Question

Your 64-cm-diameter car tire is rotating at 3.3 rev/swhen suddenly you press down hard on the accelerator. After traveling 250 m, the tire's rotation has increased to 6.4 rev/s. What was the tire's angular acceleration? Give your answer in rad/s^2.

Answer 1

Answer:

0.76 rad/s^2

Explanation:

First, we convert the original and final velocity from rev/s to rad/s:

$v_o = 3.3\frac{rev}{s} * \frac{2\pi rad}{1rev} =20.73 rad/s$

$v_f = 6.4\frac{rev}{s} * \frac{2\pi rad}{1rev}=40.21 rad/s$

Now, we need to find the number of rads that the tire rotates in the 250m path. We use the arc length formula:

$D = x*r \\x = \frac{D}{r} = \frac{250m}{0.64m/2} = 781.25 rads$

Now, we just use the formula:

$w_f^2-w_o^2=2\alpha*x$

$\alpha =\frac{w_f^2-w_o^2}{2x} = \frac{(40.21rad/s)^2-(20.73rad/s)^2}{2*781.25rad} = 0.76 rad/s^2$

Answer 2

Explanation:

The given data is as follows.

   Initial velocity, u = $3.3 rev/s \times 2 \pi rad/rev$

                           = 20.724 rad/sec

   Final velocity, v = $6.4 rev/s \times 2 \times pi rad/rev$    

                           = 40.192 rad/sec

Now, we will calculate the value of angular rotation (d) as follows.
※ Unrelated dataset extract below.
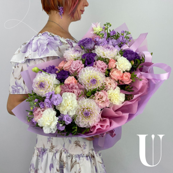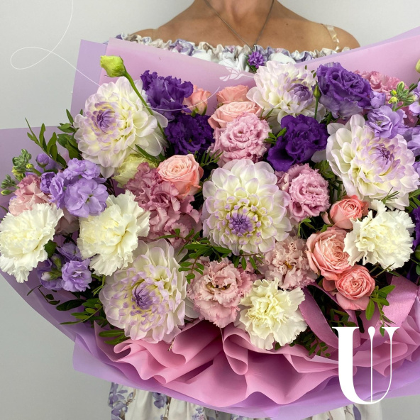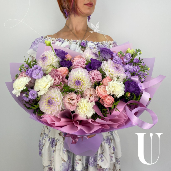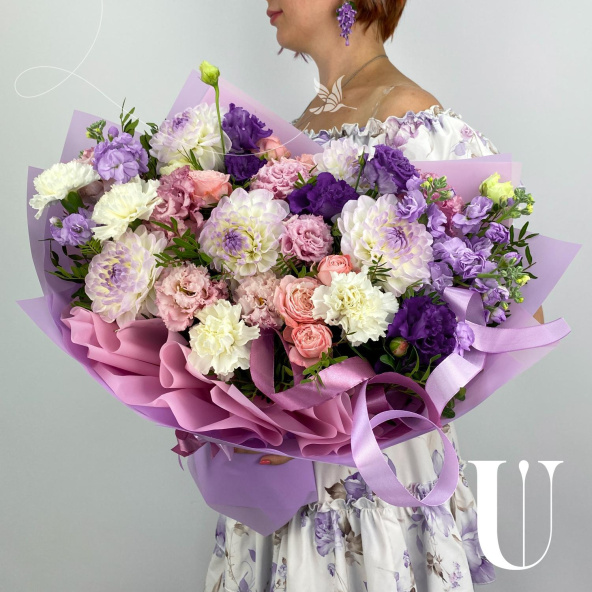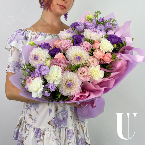 - Георгина Эвелин, бело-сиреневая - 5 шт

          d = No. of revolutions × $2 \pi rad/rev$

         d = $(\frac{250 m}{2 \pi r}) \times 2 \pi$

            = $\frac{250}{0.32}$

            = 781.25 rad

Also, we know that,

                $v^{2} = u^{2} + 2ad$

or,              a = $\frac{(v^{2} - u^{2})}{2d}$

                      = $\frac{(40.192)^{2} - (20.724)^{2})}{2 \times 781.25}$

                      = $\frac{1615.39 - 429.48}{1562.5}$

                     = 0.7589 $rad/s^{2}$

Thus, we can conclude that the tire's angular acceleration is 0.7589 $rad/s^{2}$.